В то время, как Дон-Кихот произносил вышеприведенную речь, Карденио опустил свою голову на грудь, как человек, впавший в задумчивость; Дон-Кихот два раза повторил свою просьбу продолжать рассказ, но он все по прежнему оставался с опущенной головой и молчал. Наконец, после долгого молчания он поднял голову и сказал:
– Я не могу отогнать от себя одну мысль, и никто в свете не отгонит ее от меня, и тот был бы большим бездельником, кто думал бы и полагал иначе: я уверен, что этот отъявленный пройдоха Элизабад был в связи с королевою Мадасимой.
– О, нет! этого не было, черт побери! – гневно воскликнул Дон-Кихот, по обыкновению в чересчур сильных выражениях опровергая ложь. – По истине, только злой сплетник или, вернее сказать, большой негодяй может говорить так! Королева Мадасима была благородная и добродетельная принцесса, и никак нельзя предположить, чтобы такая высокая дама могла состоять в любовной связи с лекарем грыж. И кто это скажет, тот солгал, как презренный негодяй. И я ему это докажу пешим или на коне, вооруженным или безоружным, днем или ночью, – одним словом, как ему будет угодно.

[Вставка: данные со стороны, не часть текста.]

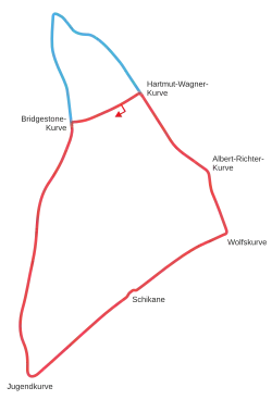 Ab 1974 verkürzte sich durch den Umbau der „Jugendkurve“ die Strecke um wenige Meter. Ab 1985 wurde aus Sicherheitsgründen eine Schikane vor dem Sprunghügel installiert.

Карденио, которым овладело вновь его безумие, упорно смотрел в это время на него; он был так же не в состоянии продолжать своей истории, как Дон-Кихот ее слушать – настолько этот последний был задет за живое оскорблением королевы Мадасимы. Странное дело! он заступился за нее, как будто она была его настоящей и законной повелительницей – так его проклятые книги перевернули ему мозги! Но Карденио, на которого снова напало его безумие, услыхав такое опровержение и название плута и другие подобные любезности, обиделся такою шуткой и, подняв большой камень, попавшийся ему под руку, так сильно хватил им по груди Дон-Кихота, что тот упал навзничь. Санчо Панса, видя как поступают с его господином, с сжатыми кулаками бросился на сумасшедшего; но сумасшедший принял его так, что одним тумаком бросил на землю, а затем, вскочив на брюхо, порядком помял ему ребра. Пастух, хотевший было защитить Санчо, потерпел ту же участь, и, поколотив и помяв всех трех, наш несчастный помешанный оставил их и преспокойно скрылся в лесах горы. Санчо поднялся и, разъяренный тем, что его так ни за что ни про что поколотили, накинулся на пастуха, говоря, что во всем этом виноват он, так как он не предупредил их о припадках безумия, случающихся с этих человеком, – если бы они знали, они бы приняли предосторожности. Пастух ответил, что он им это говорил, и что если они его не послушались, то это не его вина. Слово за слово, и после этих перебранок Санчо и пастух вцепились друг другу в бороду и начали взаимно угощать друг друга такими тумаками, что, если бы Дон-Кихот их не разнял, они переломали бы себе все ребра. Санчо, не выпуская пастуха, говорил:
– Не мешайте мне, господин рыцарь Печального образа! он такой же мужик, как и я, он не посвящен в рыцари, и я могу, как мне угодно, отмстить за нанесенное мне им оскорбление, сражаясь в рукопашную, как честный человек.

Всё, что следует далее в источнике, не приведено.